Le labyrinthe du silence

Francfort, 1958 - Johann Radmann, jeune procureur ambitieux s'ennuie à ne régler que des infractions routières lorsqu'il croise par hasard le chemin d'un journaliste, Thomas Gnielka, accompagné de Simon Kirsch. Ce dernier, rescapé d'Auschwitz a reconnu l'un de ses bourreaux, devenu professeur dans une école. Lorsque le journaliste interpelle le parquet, aucun procureur ne veut s'en mêler. Radmann accepte de mener l'enquête et exige le renvoi du professeur (les SS Nazis étaient interdit d'enseignement) mais le professeur est toujours à sa place. Presque 15 ans après la guerre, l'Allemagne, en pleine reconstruction, veut tout oublier. D'ailleurs, personne ne sait ce qu'est Auschwitz, le jeune procureur lui-même croit qu'il s'agissait d'un simple camp de travail. 

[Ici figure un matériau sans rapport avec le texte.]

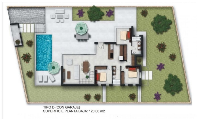
TIPO D (CON GARAJE) SUPERFICIE PLANTA BAJA: 120,00 m2
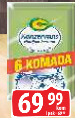
KONZERVANS C 5G 6/1
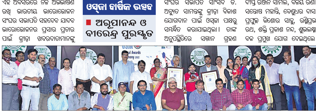
ପୁରସ୍କୃତ ଜ୍ରାଡ଼ାବିତ୍ ଓ ଅତିଥିଙ୍କ ସହ ଓଡ଼ିଶା ଓଡ଼ିଶା ଓଡ଼ିଶା ଆସୋସିଏସନ୍‌ର କର୍ମକର୍ମୀ।
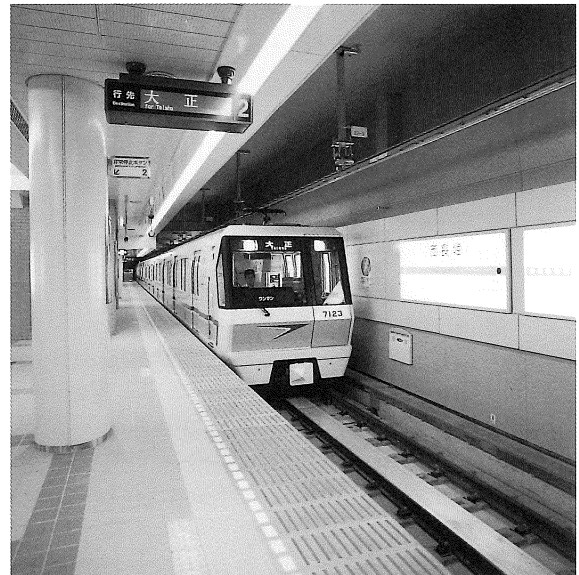
■地下鉄7号線西長堀停留場および地下線路工事

大阪市地下鉄7号線は、平成9年8月に延伸工事が完成し全線開通した。以来2年目をむかえ、大阪市域の東西を結ぶ3番目の路線としてすっかり市民の足として定着しつつある。本事業は、このうち開削工法による西長堀停留場の構築と、気泡土圧シールドによる西長堀停留場～大阪ドーム前千代崎停留場間の延長約900mの単線並

Au contact de Gnielka et de Kirsch, il découvre avec horreur toutes les atrocités commises par les Allemands et apprend que la majorité des Nazis responsables du camp sont libres comme l'air. C'est en mettant la main sur des documents officiels d'Auschwitz (les Nazis notaient absolument tout, les tentatives d'évasion du camp (traduction : assassinat) ou les violences physiques) que le jeune procureur, soutenu par le plus haut magistrat va décider d'ouvrir un procès à l'encontre des Nazis ayant servi à Auschwitz. Aucun procès n'a jamais été mené par le parquet allemand contre les anciens Nazis. Mais Radmann va être vite isolé, condamné par ses pairs et le peuple entier qui refuse de voir la vérité. 

Je suis restée scotchée devant plus de 2h devant ce film qui aborde un sujet fort peu traité au cinéma : l'après-guerre et le refus pour le pays vaincu de faire face à ses démons. Aujourd'hui 70 ans après, l'Allemagne a fait un pas gigantesque, musées, mémorial.. L'Allemagne a su affronter son histoire mais à l'époque, à peine vingt ans après, le peuple allemand refuse de voir la vérité. Les chiffres parlent d'eux-mêmes : plus de 8 000 allemands travaillaient à Auschwitz. La plupart étaient de simples gardiens, mais aucun d'eux n'avait de fusil collé à la tempe. Et lorsqu'on les interroge sur leur passivité à l'époque, ils répondent qu'ils ne faisaient qu'obéir. Certaines paroles sont très dures à entendre, comme cet homme jugé comme trieur à l'arrivée des déportés en gare - il décidait de qui allait vivre (donc travailler) et qui partait directement en chambre à gaz. Son avocat déclare qu'ainsi "il sauvait des vies" (SIC). 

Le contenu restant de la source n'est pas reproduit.